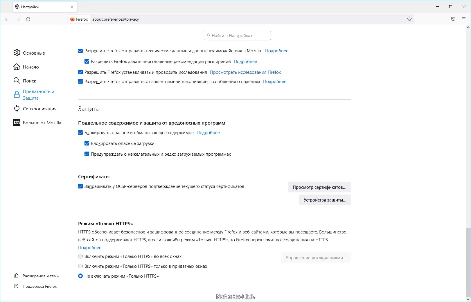 Дополнительно | Доступ к интернету для обновлений и загрузки расширений |
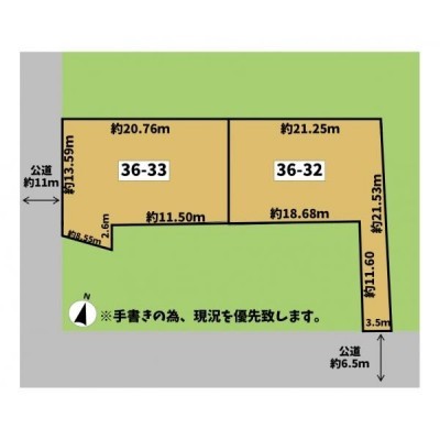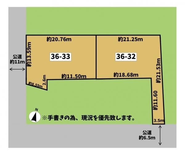 総区画数-/- 接道状況 二方(除角地) - 南西側幅11.00mの公道に13.50m接道
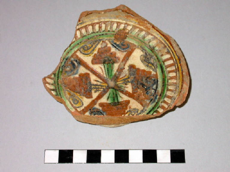 Piatto mutilo in ceramica ingubbiata e graffita von orlo estroflesso aggettante
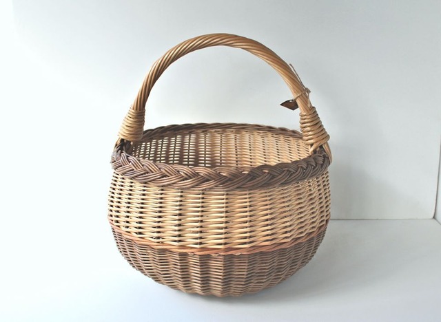 サイズ: 上端の直径34cm、ハンドル含む高さ38cm、深さ20cm 程度 ラトビアの首都リガ市の郊外にある工房から送ってもらっているバスケットです。柳を育てて、煮込んで、乾燥させて・・・、と材料作りから編み上げるまでの全工程が熟練の職人さんによる手作業で行われています。柳は濡らすと曲げやすく、乾くと硬くなるので、耐久性があり、バスケットにうってつけの素材!末永くご愛用いただけます。 大きなサイズでコロンと可愛い形、丈夫で安定感があります。 【注意事項】 ・表皮が付いた状態で編まれていますので、ところどころ表皮がめくれているところがございますが不良品ではございません。 ・作業の工程上、ボンド留めの箇所がございます。 ・こちらの商品は一点一点、ラトビアで作られています。写真とサイズや編み目、色味が異なる場合がありますが手仕事の味とご理解下さい。 ・このバスケットは水洗い可能です。洗った後は風通しのいい日陰で完全に乾かしてからお使い下さい。 ・パソコン環境の都合上、実物とお色味が異なる場合がありますので予めご了承下さい。
···
TASK DIRECTIONS
Repeat the listing verbatim, pictures excluded.

EXERCISE SOLUTION
 Дополнительно | Доступ к интернету для обновлений и загрузки расширений |
 総区画数-/- 接道状況 二方(除角地) - 南西側幅11.00mの公道に13.50m接道
 Piatto mutilo in ceramica ingubbiata e graffita von orlo estroflesso aggettante
 サイズ: 上端の直径34cm、ハンドル含む高さ38cm、深さ20cm 程度 ラトビアの首都リガ市の郊外にある工房から送ってもらっているバスケットです。柳を育てて、煮込んで、乾燥させて・・・、と材料作りから編み上げるまでの全工程が熟練の職人さんによる手作業で行われています。柳は濡らすと曲げやすく、乾くと硬くなるので、耐久性があり、バスケットにうってつけの素材!末永くご愛用いただけます。 大きなサイズでコロンと可愛い形、丈夫で安定感があります。 【注意事項】 ・表皮が付いた状態で編まれていますので、ところどころ表皮がめくれているところがございますが不良品ではございません。 ・作業の工程上、ボンド留めの箇所がございます。 ・こちらの商品は一点一点、ラトビアで作られています。写真とサイズや編み目、色味が異なる場合がありますが手仕事の味とご理解下さい。 ・このバスケットは水洗い可能です。洗った後は風通しのいい日陰で完全に乾かしてからお使い下さい。 ・パソコン環境の都合上、実物とお色味が異なる場合がありますので予めご了承下さい。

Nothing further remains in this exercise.